First, let's write the balanced chemical equation for the reaction between N2 and H2 to form NH3:
$$N_2 + 3H_2 \rightarrow 2NH_3$$
Next, we need to determine the limiting reactant. To do this, we need to compare the number of moles of each reactant.
At STP (0 °C and 1 atm), 1 liter of N2 contains (1 L / 22.4 L/mol) = 0.0446 mol of N2, and 1 liter of H2 contains (1 L / 22.4 L/mol) = 0.0446 mol of H2.

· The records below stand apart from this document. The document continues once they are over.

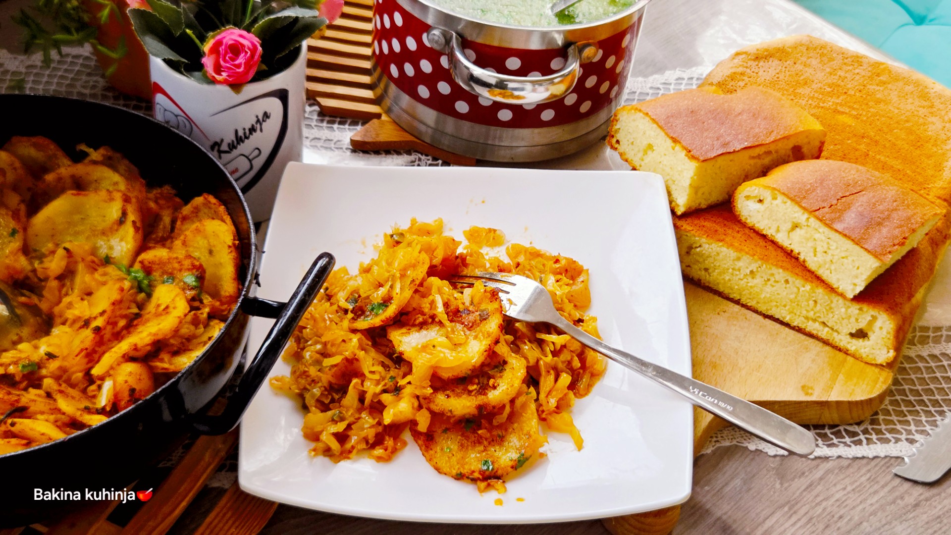 Posolite po ukusu. Poklopite i ostavite da se krčka na tihoj vatri dok tečnost ne uvri i kupus ne postane potpuno mekan. Pred sam kraj kuvanja, dodajte pola glavice seckanog belog luka i sve dobro izjednačite. Krompir isecite na kolutove, a zatim ga u šerpi pomešajte sa uljem, slatkom paprikom, ljutom paprikom, mlevenim biberom, granulama belog luka i solju.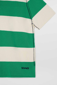 Knitted emerald green & cream striped polo shirt with linked external chain stitches and contrast collar, SUNNEI logo embroidery on bottom left. Lighter cotton for a better performance in Spring Summer. 100% COMBED COMPACT COTTON Etienne is wearing a size M. Model measures: Height: 188cm Chest: 92cm Waist: 75cm Hips: 86cm Shoe: 44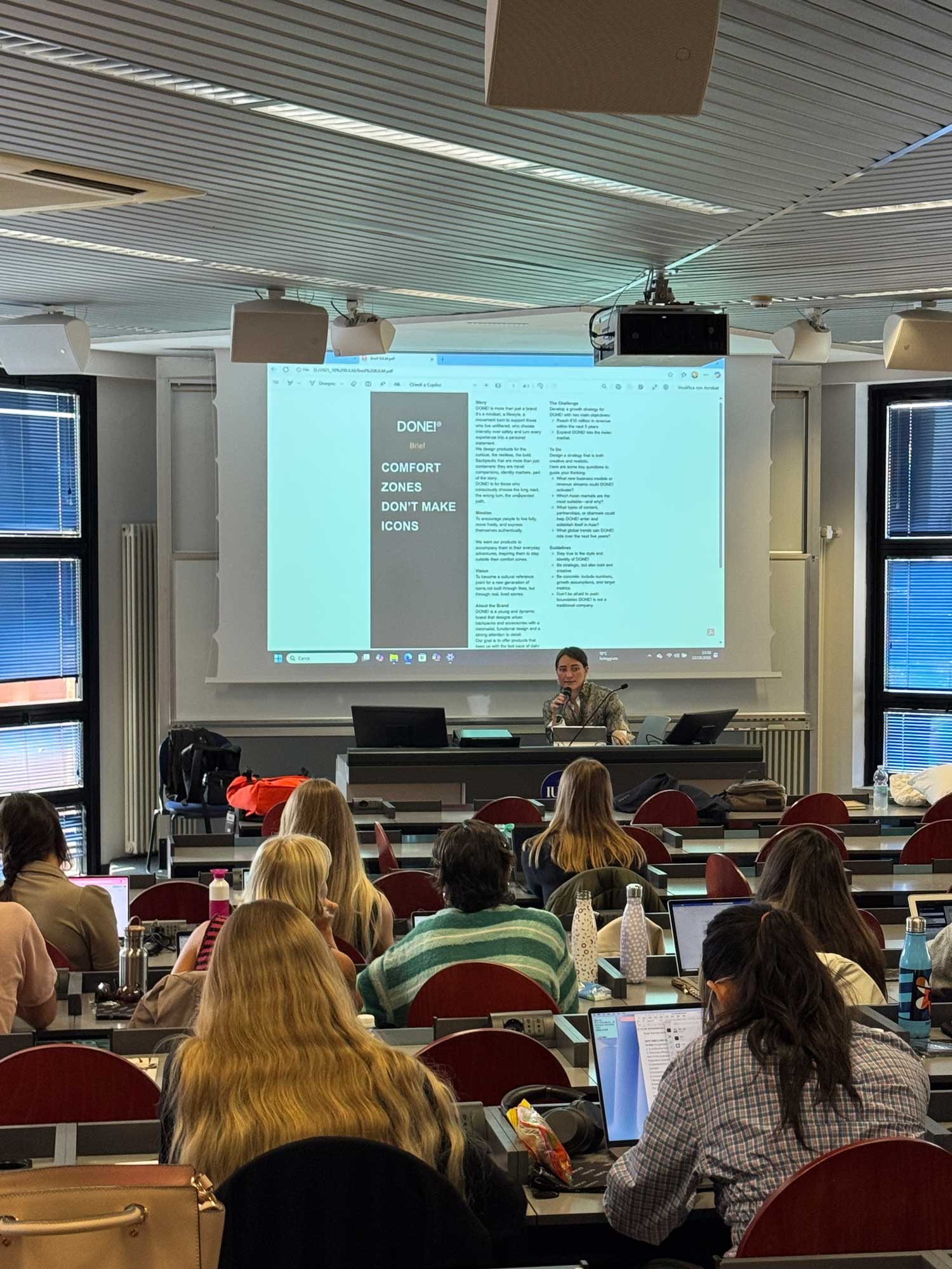In 2024, DONE! was chosen as the reference brand for a strategy course at IULM University of Milan, offering students the opportunity to engage with a real entrepreneurial project. The brand was presented as the starting point for the development of the course’s project work, allowing students to apply in a practical way the tools and models studied during lessons.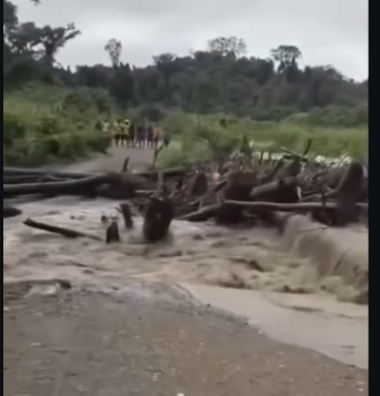 KREDONEWS.COM, KEROOM PAPUA – Warga Distrik Keerom, Papua, dikejutkan tumpukan kayu gelondongan hanyut terbawa arus Sungai Pas, menyebabkan satu jembatan utama putus saama sekali, pada Rabu (17/12/2025).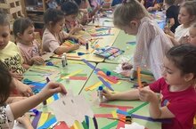 "Солнечные лучики" сегодня рисовали совместную работу: «Солнышко и пчёлки» с элементами аппликации, ведь наши ребята такие же солнечные как и их работа, так как у нас сегодня день желтого цвета!!!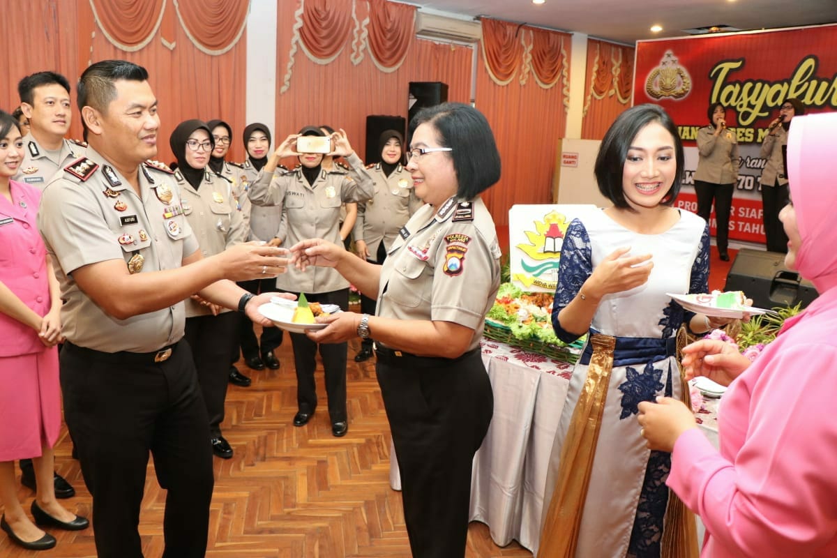 Setelah sambutan dilanjutkan dengan pemotongan tumpeng dan kue tart oleh Kapolres yang didampingi ketua Bhayangkari Susi Asfuri.Potongan tumpeng pertama diserahkan oleh Kapolres kepada anggota Polwan tertua Ipda Adriana A.Matapere yang menjabat PAMA bagian Sumda Polres Malang kota.Ipda Adriana sendiri akan menjalani masa purna bhakti.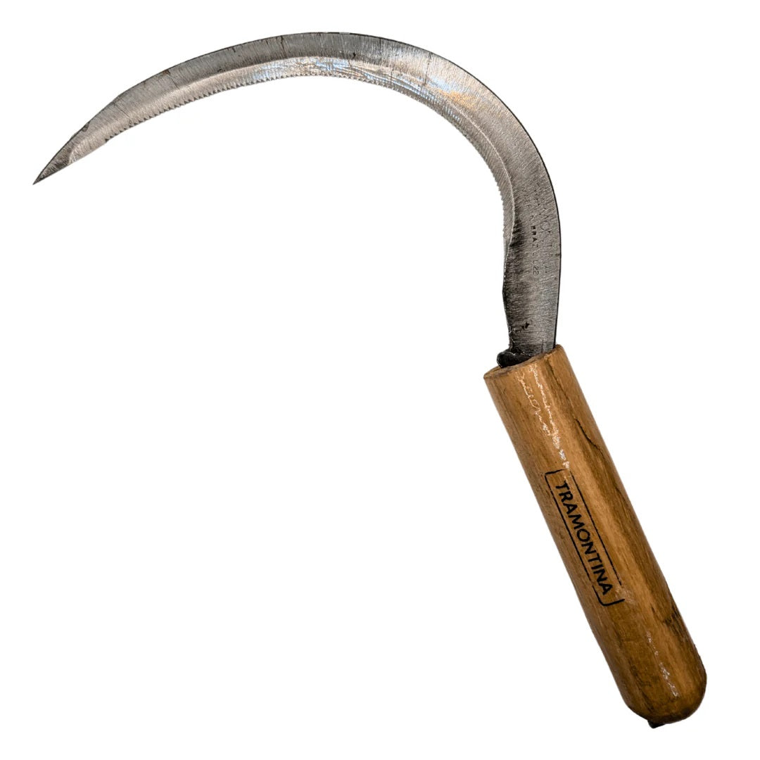 Tramontina Serrated Grass Hook / Sickle - 320mm Blade, 90-Degree Curve, Short Wooden Handle - Traditional Tool for Cutting Grass, Weeds, and Crops

Based on the balanced chemical equation, 1 mole of N2 reacts with 3 moles of H2. Therefore, we need 0.0446 mol * 3 = 0.1338 mol of H2 to react completely with 0.0446 mol of N2.
Since we only have 0.0446 mol of H2, it is the limiting reactant.
Now, we can use the stoichiometry of the balanced chemical equation to determine how many moles of NH3 will be produced.
Since 1 mole of H2 reacts to produce 2 moles of NH3, 0.0446 mol of H2 will produce 0.0446 mol * 2 = 0.0892 mol of NH3.
Finally, we can use the ideal gas law to determine the volume of NH3 produced. At STP, 1 mole of any gas occupies 22.4 liters. Therefore, 0.0892 mol of NH3 will occupy 0.0892 mol * 22.4 L/mol = 1.99 liters.
Therefore, 2 liters of N2 and H2 on complete reaction would give 1.99 liters of NH3.